Home Brew
By Luci Brown
Finishing Line Press, 2015
26 pages, $14.95
Reviewed by Michael Albright

527Brown_Luci_COV copy

Robert Lowell said, “Yet why not say what happened?” That’s what Luci Brown does in this heartbreaking, yet luminous debut chapbook of poems. Using direct, evocative language, she traces the journey of a young girl’s world turned upside-down, through a bewildering childhood and adolescence, and into a tentative adulthood she’s not sure how to inhabit.

The collection proceeds mostly in chronological order. Brown sets the pace with the very first poem, “Ace Fencing Company,” in which a young girl is looking through a chain link fence:

…I see her

standing on the tracks. A woman hazy

in the distance because I’m too young

to recall the freckles on her nose

or how short she kept her nails.

The devastating last line, spoken by the girl’s father, “Come on, we have a funeral to get to” puts us on notice that this is not an idyllic tale of childhood.

A few poems later in “On Being a Golden Retriever,” we hear the story of the girl’s tenth birthday party, and the bizarre and cruel encounter with her father’s “new girlfriend,”

took me in the back bedroom.

            Your mother was a dog.

A dog? Velvet fur, a happy

tail?

The poem finishes with:

A dog is with you when you cook,

clean, play, sleep. A dog. Does she

know what she is saying?

            If my mother was a bitch,

            then what does that make you?

She is learning that the world is not always kind, but also building a self that’s willing to think and stand up for herself.

The poems in “Home Brew” are built from loss and longing: loss of a young girl’s mother to cancer (“My Mother’s Nipples,” “Einstein’s Bees”), fear of losing her father to a new wife (“Not Ms. Janet,” “On Being a Golden Retriever”), loss of home (“The Night My House Burned”), loss of a brother to mental illness (“I Lost My Brother in Somewhere in 1990,” “Tampering with Property”), and finally, the loss of a young marriage (“Of Another Nature I Did Not Know,” “Oak Trees”). In the haunting, elegiac “Einstein’s Bees,” Brown’s speaker sees her mother in a dream, swarmed by bees:

A buzz so loud I couldn’t feel

my fingernails break off below the quick.

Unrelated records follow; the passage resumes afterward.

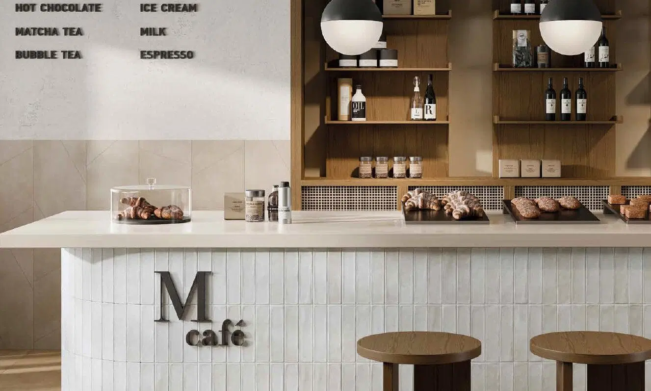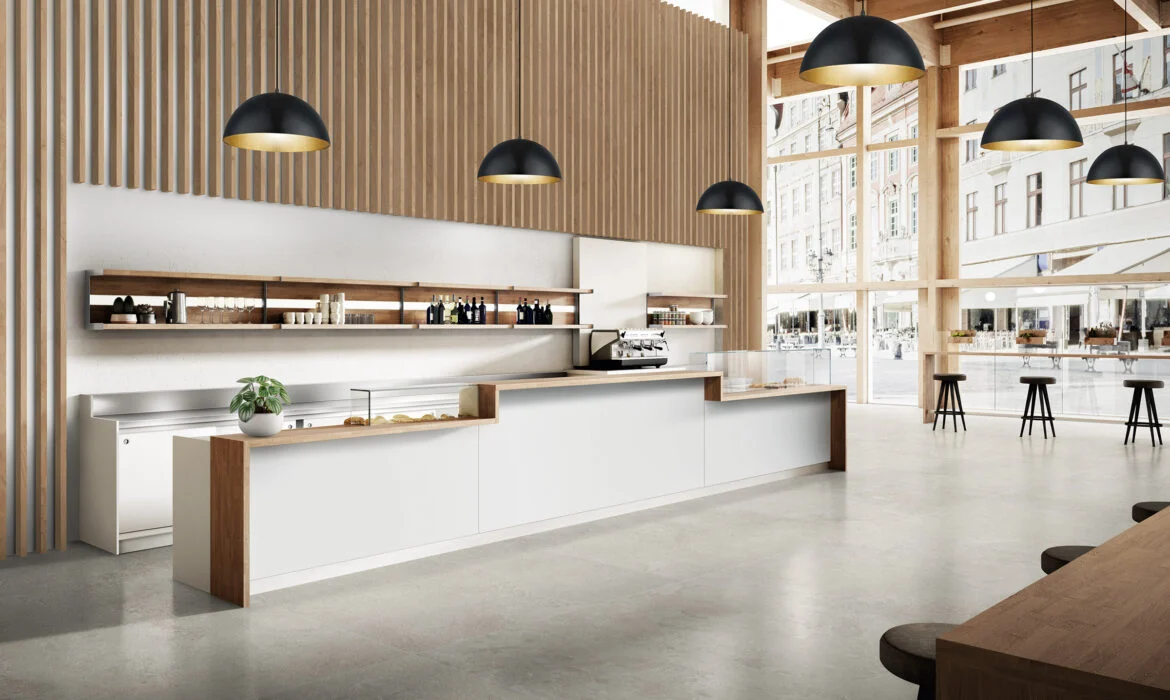 Quầy cafe gỗ công nghiệp kết hợp mặt đá – tạo cảm giác sang trọng, sạch sẽ và dễ lau chùi.
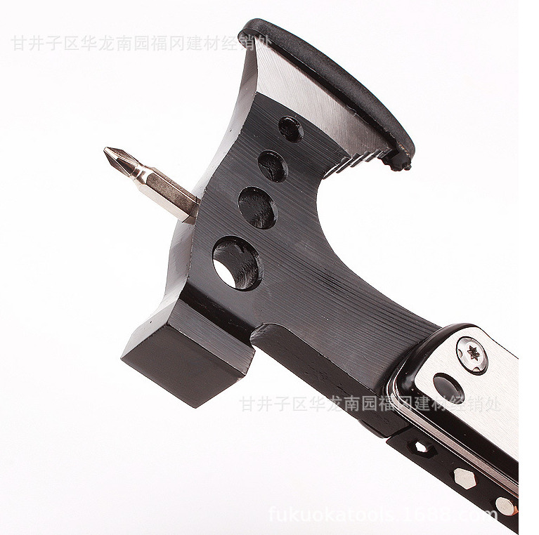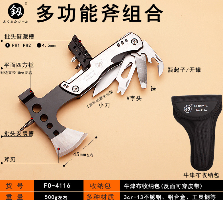 Thông tin chi tiết sản phẩm Thương hiệu: Fukuoka Tools Kích thước: 170 x 90 x 20mm (gấp lại), 250 x 90 x20mm (mở ra) Chất liệu: hợp kim nhôm thép không gỉ 3CR13 Mô tả chức năng : 1. Dao 2. Dụng cụ khui chai 3. Đồ khui 4. Máy khử cặn 5. Búa 6. Rìu 7. Tua vít bit x 3 8. Tệp 9. Nắp bảo quản bằng vải Oxford
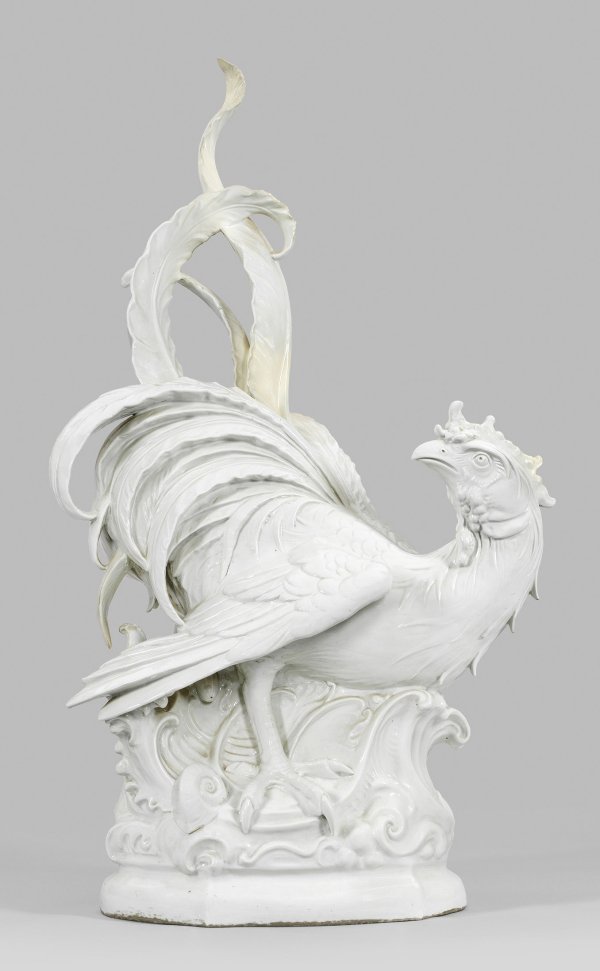 Weißporzellan. Auf passig geschweiftem Sockel mit aufsteigenden Rocaillen stehender Hahn mit aufgestelltem Gefieder. Entw. Arthur Storch (1870 - 1947), 1921. Ligiertes Entw.-Monogr. "A.St." mit Dat. "1921". Produktionsbedingte Brandrisse. Rest.; Manufakturmarke. H. 97 cm.
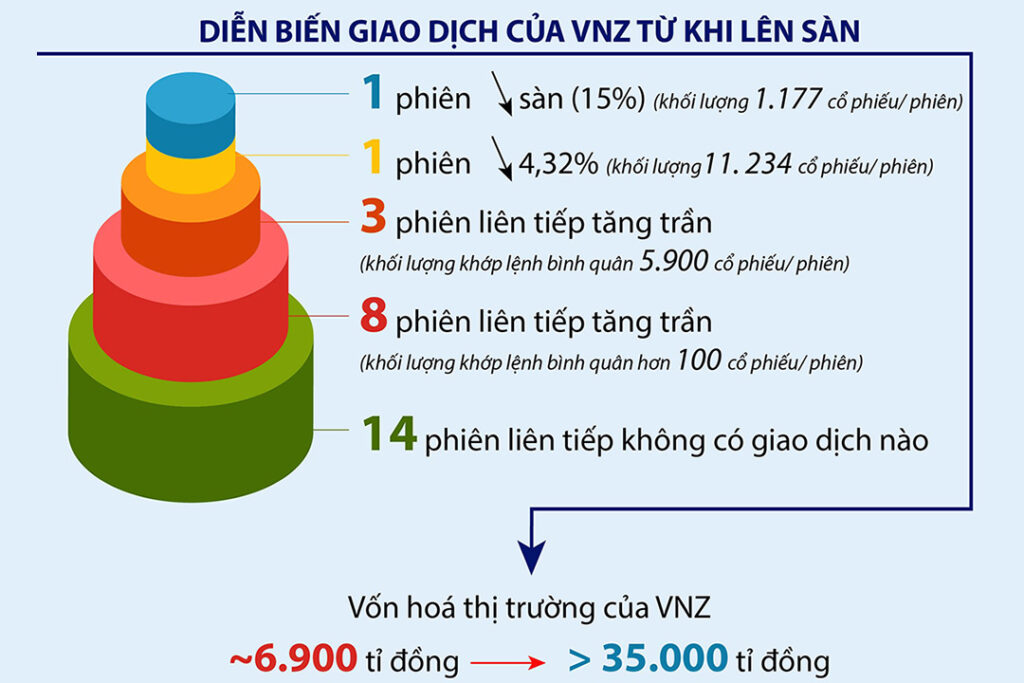 Sau phiên giao dịch ngày 17-2, cổ phiếu VNZ (niêm yết sàn UPCoM) đã giảm sàn (mức 15%), nối tiếp phiên giảm 4,32% trong phiên giao dịch liền trước, đồng thời chính thức phá chuỗi tăng trần 13 phiên liên tiếp kể từ khi niêm yết trên sàn UPCoM ngày 5-1-2023.
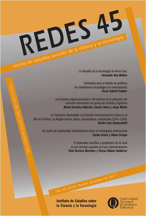 Los factores organizacionales y del entorno en la adopción del comercio electrónico en pymes de Córdoba, Argentina, María Verónica Alderete, Carola Jones y Jorge Motta
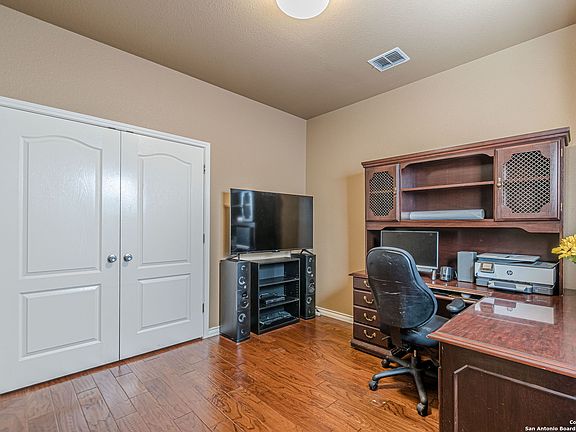 Hill Country Living in Lakewood Estates! Welcome to this stunning 4-bedroom, 3-bathroom home nestled on 2.47 acres in the desirable Lakewood Estates community of Lakehills, Texas. Inside, you'll find an open and airy layout featuring soaring 14-foot ceilings in the living room with a wood-burning fireplace, perfect for cozy evenings with the family. The living room flows seamlessly into the stylish kitchen equipped with LG smart appliances, walk-in pantry, granite countertops, an island, and plenty of storage space. Features of the primary bedroom include a spacious walk-in closet, garden tub with separate shower, separate vanities, and it's own direct access to the patio. The home also includes a dedicated office, ideal for working remotely or managing household projects, and a 2025 water softener for added comfort and efficiency. The pool table is also negotiable with the sale, making this home an entertainer's dream. The attached guest suite offers ultimate versatility with its own kitchen, private bathroom, and living area that's ideal for extended family or guests. Step outside to the newly built, expansive back patio, where you can take in breathtaking Hill Country views and unforgettable sunsets. Its generous size offers endless possibilities for outdoor dining, lounging, or hosting under the Texas sky, all surrounded by the beauty and shade of mature Oak trees. The property features a metal shed with a 50-amp RV hookup that has ample space for storage and can fit up to three full-size vehicles. Additionally, it features another shed with electricity, a pad already in place for an above ground pool, fenced in play set for the kids, a dog run, and seasonal creek. Here in Lakewood Estates, you'll have access to exceptional neighborhood gated amenities to include, a sparkling community pool, playground, volleyball and basketball courts, lots of nature walking and a private boat ramp to Lake Medina - PERFECT for weekends on the water or sunset picnics! This home truly captures the best of Texas Hill Country living!
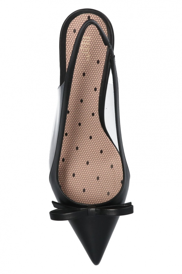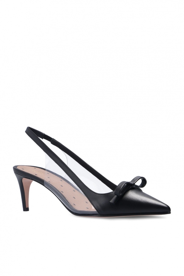 Black ‘Sandie’ slingback pumps from Red Valentino. Crafted from calf leather, this item is distinguished by a bow detail and transparent inserts. It also features pointed toe and pink leather sole.
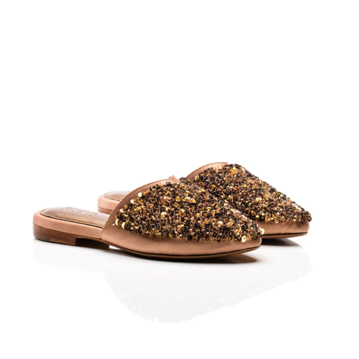 Les mules Moon scintillent à chacun de vos pas. Leur empeigne dorée et ambrée, brodée à la main, capte la lumière et attire tous les regards. De jour comme de nuit, cette pièce ultime apportera une touche de glamour à votre garde-robe.
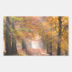 Un autocollant photo rectangulaire des rayons de lumière créés par les rayons de soleil à travers le feuillage d'automne des arbres le long d'un chemin à travers une forêt dans le brouillard matinal en automne.
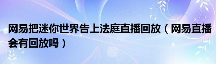 大家好,跳跳为你解答以上问题。网易把迷你世界告上法庭直播回放,网易直播会有回放吗这个问题很多人还不知道,现在让我们一起来看看吧!
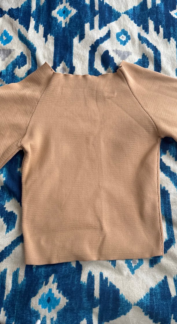 Bej renkli, vücuda oturan, uzun kollu ve boat neck yaka triko kazak. Yumuşak sentetik kumaştan, pastel tonlarda, rahat sokak stili için uygundur. Omuzları açık da kullanılabilir esnek kumaştır s ve m bedene uyumludur
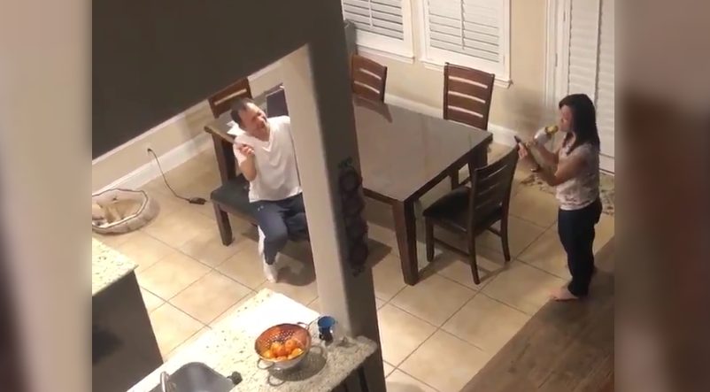 La figlia riprende cosa fanno mamma e papà in cucina: la scena è emozionante
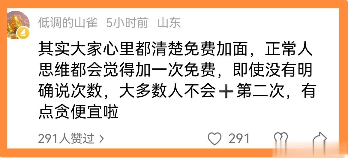 说是免费续面,却没有说几次,人家顾客续第2次却要收钱,作为顾客,我们能够理解,人家心里是很不痛快的。
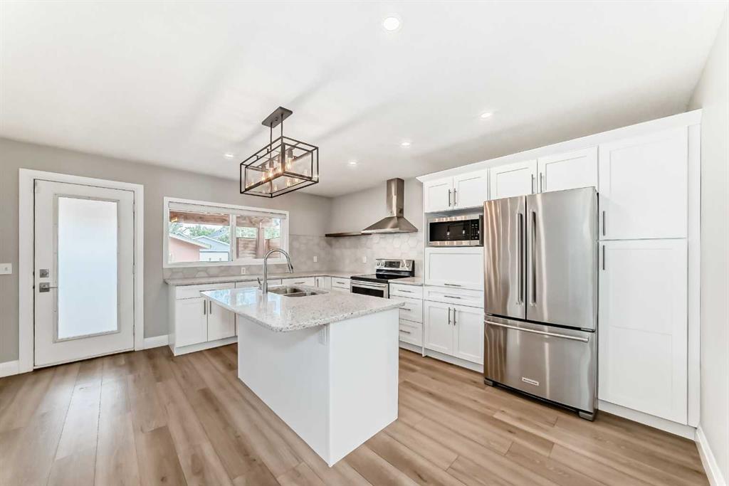 On the main level, step into the bright and spacious living room, where a large west-facing window fills the space with natural light, and a tray ceiling with soft back-lighting adds a touch of sophistication The fully renovated kitchen features pristine white cabinetry, granite countertops, stainless steel appliances, and stylish lighting along with a dining area—perfect for everyday family meals or entertaining guests. An updated 2-piece bath with convenient main-floor laundry completes the main level.
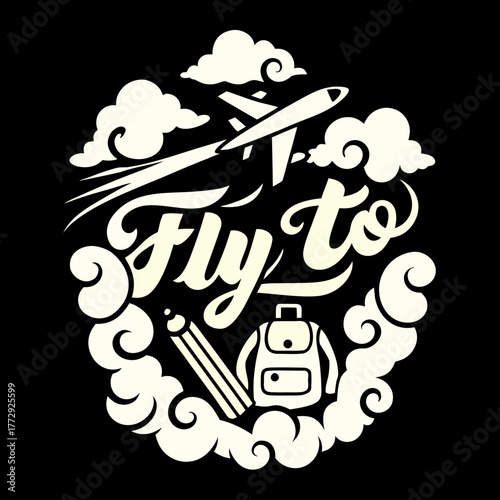 Fototapeta premium Fly to vector design with plane

She blew one to me and asked

me to eat it.

In “Judy Bloom Never Wrote About Widowed Fathers,” there is the loss of girlhood, the fear and shame of her coming of age. She laments her continuing alienation from her father:

Each time that thickened gel poured

out I begged God to make me a boy.

Maybe then my father would talk

to me.

Luci Brown’s craft is sly and deceptively simple. Though devoid of verbal pyrotechnics, there is a budding master at work here. Each word in each poem is carefully chosen, not just for overt meaning, but for the subtle shadings as well. Careful attention is given to line breaks and enjambments, “narcissistic/type of catastrophe,” ” beyond the mainstream /attention deficit,” “in the diner. People /aren’t looking,” and “queen. I didn’t want/them.” Brown is able to create a second level of meaning to the eye, ear, and heart that the reader may perceive only subliminally. In “Ace Fencing Company,” the lines “or how short she kept her nails. Father rests his hand on my bony shoulder,” the “nails. Father rests” enjambment can bring up thoughts of “coffin nails,” or nails through hands. The dual imagery of “Father,” and the word “rests” further the themes of death, loss, and the possibility of redemption.

A quartet of poems near the end of the book, “Bodies and Puzzles,” “Huggable,” “Of Another Nature I Did Not,” and “Oak Trees,” address falling in love, marriage and divorce. In “Bodies and Puzzles,”

My hand traces the birthmark on his

shoulder. A tanned splotch mimicking

the one on my back. Joshua says

it’s because we’re all made as puzzle

pieces. He says our birthmarks

are what connect us.

And in “Oak Trees,”

Joshua is standing in the woods

at a distance but it’s a muffled version of him.

… Not Joshua but charcoal ash formed together in the shape

of Joshua. Burning like a wildfire.

It’s in the series of title poems that the girl, then woman, declares herself. In a culture where comfort and community are found in both churches and bars, where alcohol is used as both salve and sacrament, she eschews it almost every time, as if to say, “No, I need to feel all of this.” She’s learned this brew is just as bitter as the “Home Brew,” she grew up in, and knows she’s had enough of that taste. This could be her manifesto, and by the last poem, she emerges, if not triumphant, at least unbroken:

My father sits

beside me, slides

a tiny plastic cup

of beer my way.

I tell him it tastes

like our mother’s

smile.

“Home Brew’s” stark snapshots of love and loss, confusion and self-discovery demand to be read and heard, and then read and heard again. Luci Brown doesn’t spare us anything; she tells us the truth.